L’eau sillonnait entre les roches de la crique. Elle était calme, agitée seulement par de petites vaguelettes de temps à autre.
“Rien à voir avec celles de chez moi” ne put-elle s’empêcher d’observer silencieusement.
Le bruit, lui, était similaire quoique moins puissant. Sous le clapotis de l’eau autour de cailloux, on retrouvait ce grondement cyclique et familier. Celui des remous de l’océan qui, lorsqu’on y réfléchit, ne fait en réalité qu’un.
En son coeur, il reste le même, qu’importe où l’on est.
C’est cette réalisation nouvelle et réconfortante qui permit au grondement de l’eau de venir faire vibrer son coeur.
Des larmes d’émotion lui montèrent : elle avait retrouvé ici un bout de chez elle.

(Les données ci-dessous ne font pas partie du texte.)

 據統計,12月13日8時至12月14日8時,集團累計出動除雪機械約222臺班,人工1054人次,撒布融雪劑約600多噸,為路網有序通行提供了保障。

Une falaise couverte d’arbres comme ceux que l’on voit sur National Geographic, dans les reportages sur la savane, plongeaient dans la mer sur la gauche. Elle venait à peine de la remarquer.

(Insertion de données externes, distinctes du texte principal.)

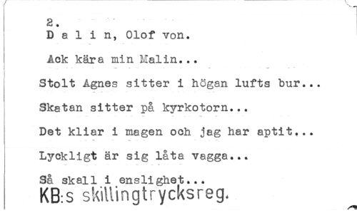 //// 2. //// Dalin, Olof von. Ack kära min Malin... Stolt Ågnes sitter i högan lufts bur... Skatan sitter på kyrkotorn... Det kliar i magen ooh jag har aptit... Lyckligt är sig låta vagga... Så skall i enslighet... //// KB:S skillingtrycksreg. //// /f* ////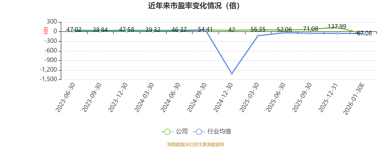 市盈率、市净率为负时,不显示当期分位数,会导致折线图中断。

Une libellule géante entra dans son champ de vision. Était-elle vraiment énorme ? Dur à dire.
“En réalité, je crois que je n’ai jamais vu de libellule” se dit-elle, “mais celle-ci avait l’air grosse”. “Un bel insecte en tout cas”.
La plage était déserte. À l’exception d’une personne allongée loin du rivage, et qui semblait dormir, recouverte d’un drap de plage. Sans doute pour ne pas cramer.
“J’étalerais de la crème solaire après”.
Elle s’avança vers le centre de la plage pour admirer l’eau claire et transparente qui lui faisait face. Vraiment l’idéal pour explorer avec un masque de plongée.
Elle n’en avait pas amené.
Maintenant perchée sur un rocher au bord de l’eau, elle sautilla de caillou en caillou pour s’avancer au bout de la jetée naturelle qui semblait se former.
De temps en temps, sa main s’abaissait pour recueillir en son creux un petit trésor. De toutes tailles, couleurs et formes, partout où elle allait, lorsqu’elle voulait former une connexion avec un lieu, elle ne pouvait s’en empêcher.
Cueillir des cailloux.
D’une chose que tous les enfants faisaient, c’était devenu, une fois adulte, un comportement tourné en ridicule mais dont elle refusait de se débarrasser.
Pour se rappeler d’un endroit pleinement, il ne suffit pas de l’arpenter. Il faut s’y immerger. Interagir avec ses composantes de façon presque cellulaire. Mêler nos molécules à celle de la nature. Nous harmoniser à elle. C’est ce qu’elle faisait. Par le toucher, la vue, l’odorat, le mouvement, les sensations et l’émotion. Tout cela débloquait en elle un niveau d’expérience intime et profond. Elle se liait presque d’amitié avec ces éclats de rochers.
En habitant son corps, elle habitait le monde. Elle s’ancrait. Elle vivait.
Souvent, lors d’expériences vraiment intenses, elle s’immobilisait et transférait toute son énergie et son intention dans la prise de photos. Pendant quelques instants, elle multipliait les clichés, comme si elle tentait - par je ne sais quelle magie - de capturer non seulement l’endroit mais aussi les sensations et émotions qu’il lui avait procuré. Elle voulait transférer dans une image développée chaque respiration, texture, bruissement et palette de couleur que son corps avait capturé. S’en emparer, à jamais. S’en imprégner. Infuser.
C’était ce qu’elle faisait en ce moment même. Perchée sur le rocher le plus éloigné du rivage. L’objectif rivé tantôt sur ce qu’il se passait à ses pieds, tantôt sur l’horizon. En pleine hésitation, elle ne savait pas quelle vision unique elle devait immortaliser.
Minuscule devant la beauté et l’immensité de la nature, elle se sentait chez elle. Sur la bonne planète. Émerveillée par toute cette beauté.
En disséminant les cailloux de ses poches dans l’eau pour n’en garder qu’un, elle songea avec un sourire libre et serein : “j’ai vraiment bien fait”.
Serrant le caillou élu dans le creux de son point, elle enfoui sa main dans sa poche et tourna le dos à l’océan pour rejoindre le sentier du retour.